Instructions for the task: Aside from the pictures, copy the listing exactly.

Data listing:

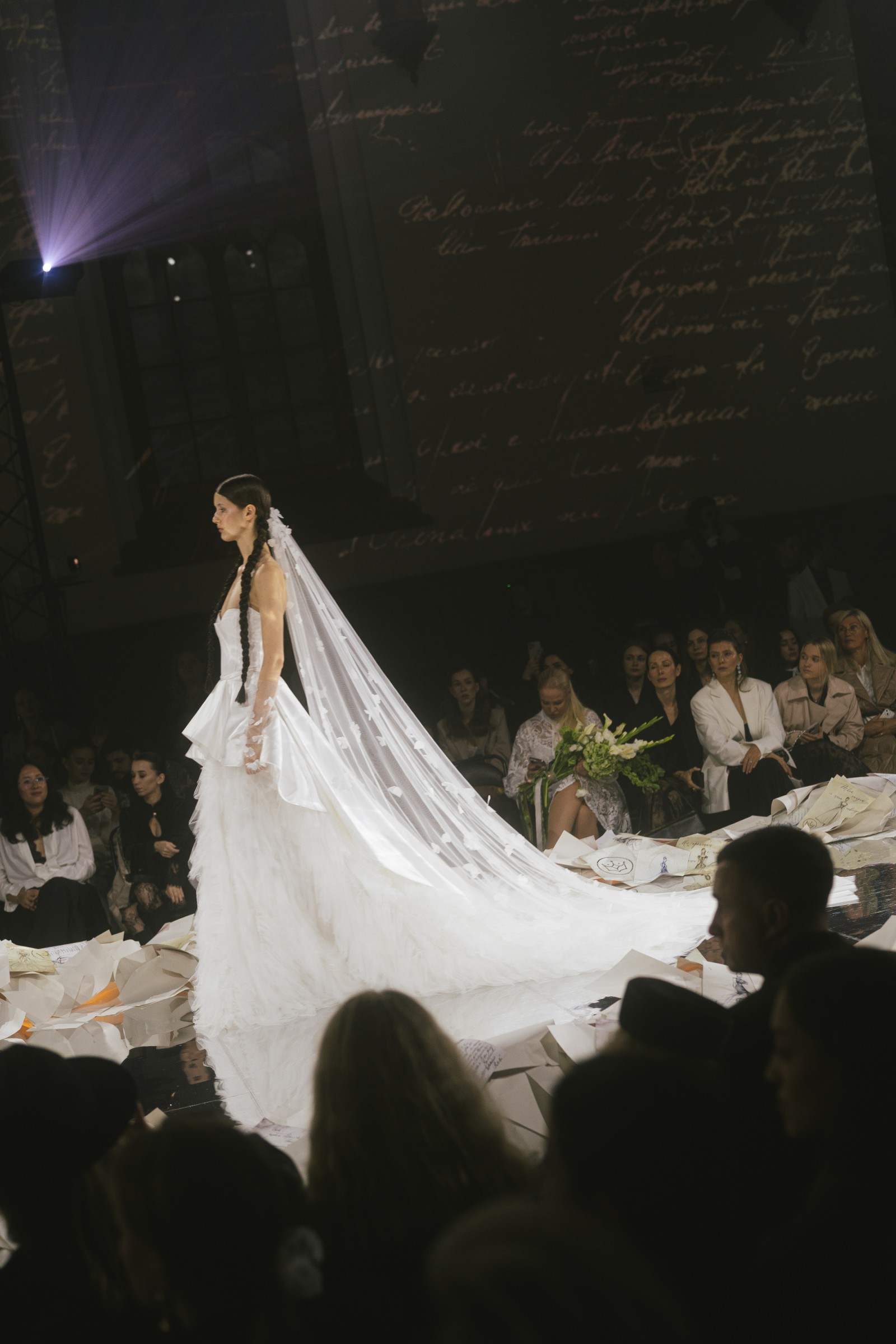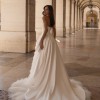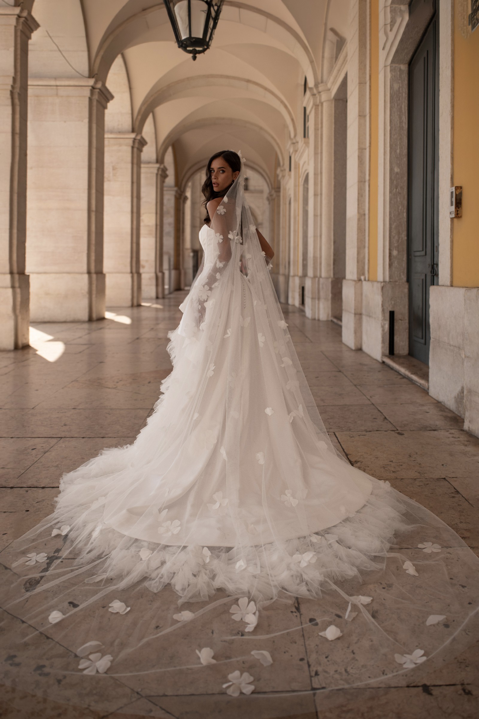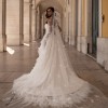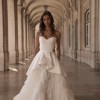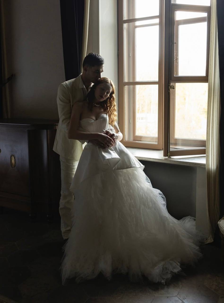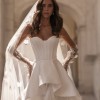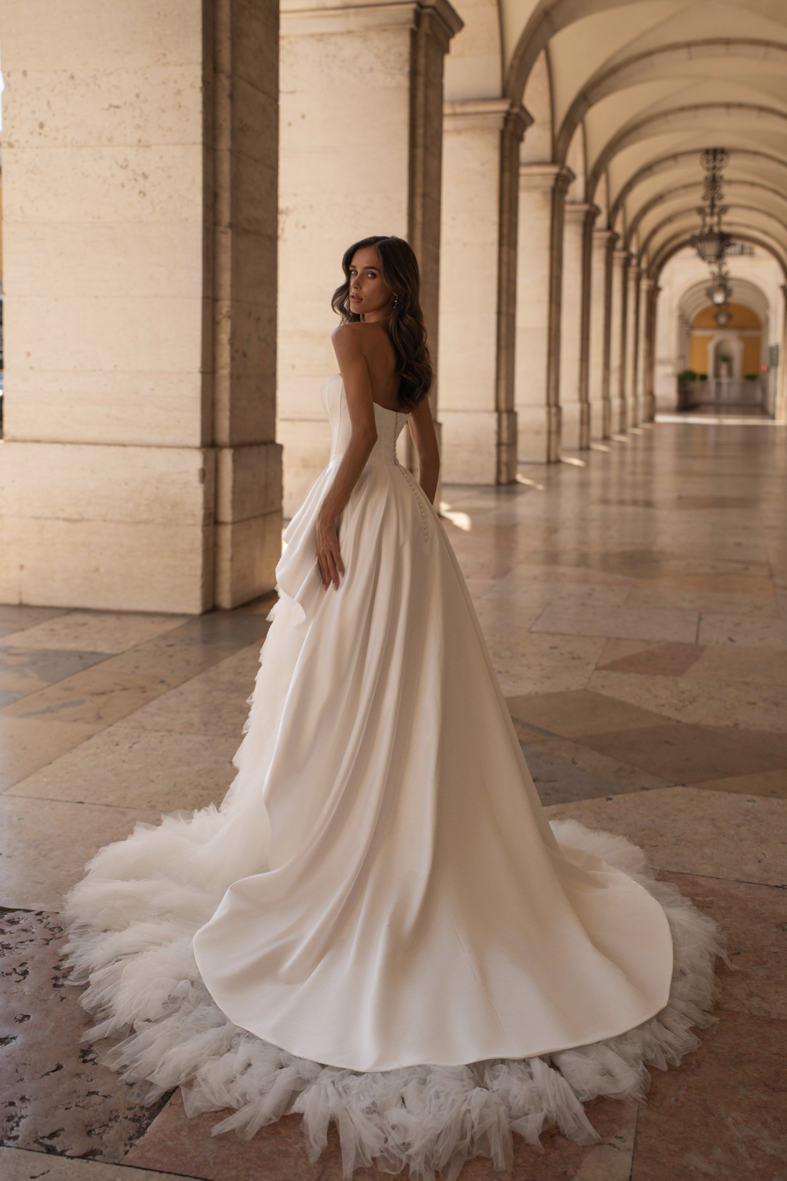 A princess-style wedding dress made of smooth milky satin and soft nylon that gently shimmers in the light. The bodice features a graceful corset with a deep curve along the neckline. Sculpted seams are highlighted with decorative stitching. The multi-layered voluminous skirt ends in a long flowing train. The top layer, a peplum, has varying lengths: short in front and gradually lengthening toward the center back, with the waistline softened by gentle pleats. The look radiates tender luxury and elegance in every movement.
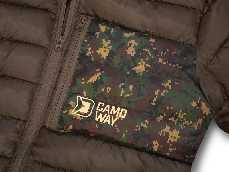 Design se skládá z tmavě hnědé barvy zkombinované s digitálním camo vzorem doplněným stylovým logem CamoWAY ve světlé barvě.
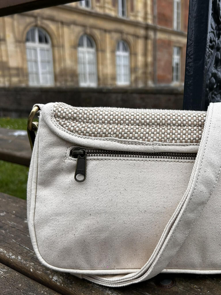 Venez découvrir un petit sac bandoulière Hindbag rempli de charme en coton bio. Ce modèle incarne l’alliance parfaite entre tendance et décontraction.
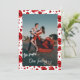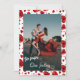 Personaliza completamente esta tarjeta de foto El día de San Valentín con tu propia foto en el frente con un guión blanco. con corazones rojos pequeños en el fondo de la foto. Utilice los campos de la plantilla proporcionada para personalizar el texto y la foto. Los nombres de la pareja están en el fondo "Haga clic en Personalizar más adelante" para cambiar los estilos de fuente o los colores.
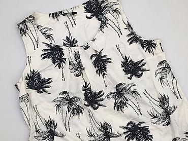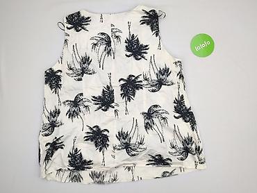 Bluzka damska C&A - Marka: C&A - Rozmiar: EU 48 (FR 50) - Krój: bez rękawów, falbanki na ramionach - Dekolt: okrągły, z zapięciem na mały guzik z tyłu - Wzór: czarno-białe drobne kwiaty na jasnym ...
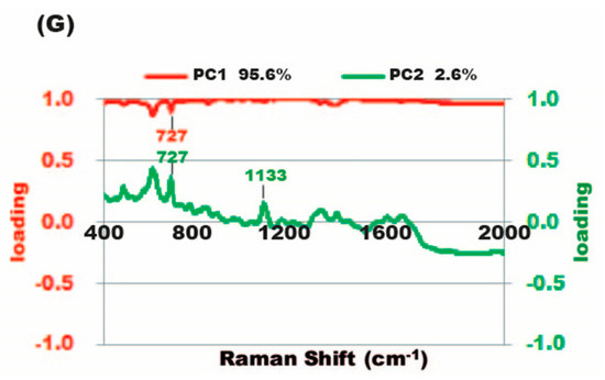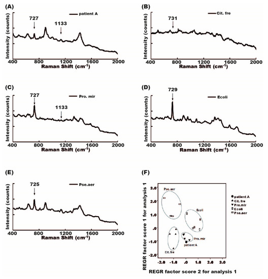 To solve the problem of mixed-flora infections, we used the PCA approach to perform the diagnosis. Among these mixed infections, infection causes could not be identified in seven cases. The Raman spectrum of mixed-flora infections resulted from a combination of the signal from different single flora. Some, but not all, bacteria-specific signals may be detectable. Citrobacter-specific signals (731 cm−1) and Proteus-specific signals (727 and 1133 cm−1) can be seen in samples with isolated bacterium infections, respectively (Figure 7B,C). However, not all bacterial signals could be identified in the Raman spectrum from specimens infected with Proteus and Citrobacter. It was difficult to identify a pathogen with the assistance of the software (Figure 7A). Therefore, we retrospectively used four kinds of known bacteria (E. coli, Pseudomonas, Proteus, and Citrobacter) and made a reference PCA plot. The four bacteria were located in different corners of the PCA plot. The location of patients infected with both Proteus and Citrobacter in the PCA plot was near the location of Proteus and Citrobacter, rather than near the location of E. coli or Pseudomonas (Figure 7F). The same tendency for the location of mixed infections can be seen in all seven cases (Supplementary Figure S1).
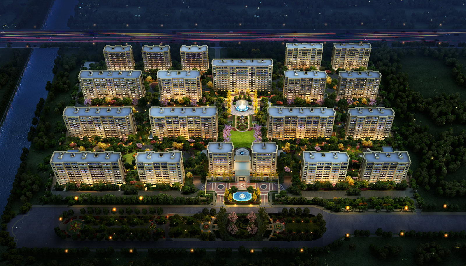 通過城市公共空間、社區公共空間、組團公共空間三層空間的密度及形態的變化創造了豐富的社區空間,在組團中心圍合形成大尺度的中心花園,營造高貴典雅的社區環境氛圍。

Response below:
 A princess-style wedding dress made of smooth milky satin and soft nylon that gently shimmers in the light. The bodice features a graceful corset with a deep curve along the neckline. Sculpted seams are highlighted with decorative stitching. The multi-layered voluminous skirt ends in a long flowing train. The top layer, a peplum, has varying lengths: short in front and gradually lengthening toward the center back, with the waistline softened by gentle pleats. The look radiates tender luxury and elegance in every movement.
 Design se skládá z tmavě hnědé barvy zkombinované s digitálním camo vzorem doplněným stylovým logem CamoWAY ve světlé barvě.
 Venez découvrir un petit sac bandoulière Hindbag rempli de charme en coton bio. Ce modèle incarne l’alliance parfaite entre tendance et décontraction.
 Personaliza completamente esta tarjeta de foto El día de San Valentín con tu propia foto en el frente con un guión blanco. con corazones rojos pequeños en el fondo de la foto. Utilice los campos de la plantilla proporcionada para personalizar el texto y la foto. Los nombres de la pareja están en el fondo "Haga clic en Personalizar más adelante" para cambiar los estilos de fuente o los colores.
 Bluzka damska C&A - Marka: C&A - Rozmiar: EU 48 (FR 50) - Krój: bez rękawów, falbanki na ramionach - Dekolt: okrągły, z zapięciem na mały guzik z tyłu - Wzór: czarno-białe drobne kwiaty na jasnym ...
 To solve the problem of mixed-flora infections, we used the PCA approach to perform the diagnosis. Among these mixed infections, infection causes could not be identified in seven cases. The Raman spectrum of mixed-flora infections resulted from a combination of the signal from different single flora. Some, but not all, bacteria-specific signals may be detectable. Citrobacter-specific signals (731 cm−1) and Proteus-specific signals (727 and 1133 cm−1) can be seen in samples with isolated bacterium infections, respectively (Figure 7B,C). However, not all bacterial signals could be identified in the Raman spectrum from specimens infected with Proteus and Citrobacter. It was difficult to identify a pathogen with the assistance of the software (Figure 7A). Therefore, we retrospectively used four kinds of known bacteria (E. coli, Pseudomonas, Proteus, and Citrobacter) and made a reference PCA plot. The four bacteria were located in different corners of the PCA plot. The location of patients infected with both Proteus and Citrobacter in the PCA plot was near the location of Proteus and Citrobacter, rather than near the location of E. coli or Pseudomonas (Figure 7F). The same tendency for the location of mixed infections can be seen in all seven cases (Supplementary Figure S1).
 通過城市公共空間、社區公共空間、組團公共空間三層空間的密度及形態的變化創造了豐富的社區空間,在組團中心圍合形成大尺度的中心花園,營造高貴典雅的社區環境氛圍。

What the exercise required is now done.